Fig. 3. A general trend for fewer cross-link violations in AlphaFold2 models with higher pLDDT scores.

Fig. 3

a Number of cross-link violations plotted against the pLDDT score for each of the T. thermophila proteins predicted. The size and shade of each dot represent the number of intramolecular cross-links for a given protein. The full data are provided as Supplementary Table S2. b A distance distribution view of the 43 proteins with no cross-link violations. c A selection of proteins from (b) with cross-links mapped onto the AF2-predicted structure.

The predicted aligned error (PAE) scores produced by AF2 can be used to distinguish well-structured regions and well-folded domains within a protein structure from poorly predicted or unstructured regions44. PAE scores can thus be used to roughly define rigid domains or sets of domains within proteins that have the potential to be positioned in multiple orientations relative to each other. We, therefore, examined the PAE scores for our structures to determine if cross-link disagreements were more likely to occur within or between these well-structured regions. By analyzing the PAE score maps using a watershed algorithm, we could segment the AF2-predicted structures to identify the best-predicted, contiguous, well-structured regions (Supplementary Fig. S2). We used this approach to examine the largest outliers in Fig. 3.

Among proteins with many cross-link violations, BBC118 stood out for having 10 violations despite a pLDDT score greater than 85, indicating a fairly confident structural prediction.
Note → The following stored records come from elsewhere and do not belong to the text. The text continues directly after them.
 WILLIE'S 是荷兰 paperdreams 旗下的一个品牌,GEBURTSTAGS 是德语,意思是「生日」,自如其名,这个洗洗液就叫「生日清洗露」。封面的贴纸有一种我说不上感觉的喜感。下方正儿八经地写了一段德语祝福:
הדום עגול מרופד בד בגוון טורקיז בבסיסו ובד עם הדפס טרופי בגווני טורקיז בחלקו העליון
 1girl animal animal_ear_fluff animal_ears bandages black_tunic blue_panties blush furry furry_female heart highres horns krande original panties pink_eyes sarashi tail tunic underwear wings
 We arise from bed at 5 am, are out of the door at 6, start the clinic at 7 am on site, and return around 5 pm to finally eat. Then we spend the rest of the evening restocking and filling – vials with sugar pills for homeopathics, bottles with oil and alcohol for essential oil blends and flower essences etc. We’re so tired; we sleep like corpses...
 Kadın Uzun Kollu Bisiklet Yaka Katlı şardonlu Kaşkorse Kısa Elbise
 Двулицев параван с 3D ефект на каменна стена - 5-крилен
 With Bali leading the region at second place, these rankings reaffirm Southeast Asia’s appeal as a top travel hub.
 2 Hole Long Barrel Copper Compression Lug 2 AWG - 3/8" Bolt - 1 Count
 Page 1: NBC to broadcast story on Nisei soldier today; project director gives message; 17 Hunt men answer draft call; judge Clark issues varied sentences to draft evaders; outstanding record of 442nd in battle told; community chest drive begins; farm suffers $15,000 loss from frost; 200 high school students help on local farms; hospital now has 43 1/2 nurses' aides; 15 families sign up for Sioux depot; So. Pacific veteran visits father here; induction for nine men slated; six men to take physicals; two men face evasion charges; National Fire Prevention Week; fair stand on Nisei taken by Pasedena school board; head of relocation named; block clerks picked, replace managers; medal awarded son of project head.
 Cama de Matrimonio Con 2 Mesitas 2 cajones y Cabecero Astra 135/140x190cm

To better understand why such a confidently predicted structure might have so many violations, we segmented its PAE score map to define well-predicted regions and asked whether the violations occur within or between these regions (Fig. 4a). Interestingly, these domains did not align exactly with known Pfam or InterPro domain annotations, which corresponded to the individual or grouped EF-hand motifs; in contrast, AF2 captured more extensive regions including interdomain segments whose structures could be confidently predicted. We plotted our intramolecular cross-links onto the PAE heatmap and onto the predicted structure (Fig. 4a, b) and found that all ten violations occurred between AF2 domains, while the eight cross-links falling within the domains satisfied the allowable cross-link distance. These results suggest that while AF2 may produce confident structure predictions locally within rigid bodies, there may be ambiguity in placing such rigid bodies relative to each other.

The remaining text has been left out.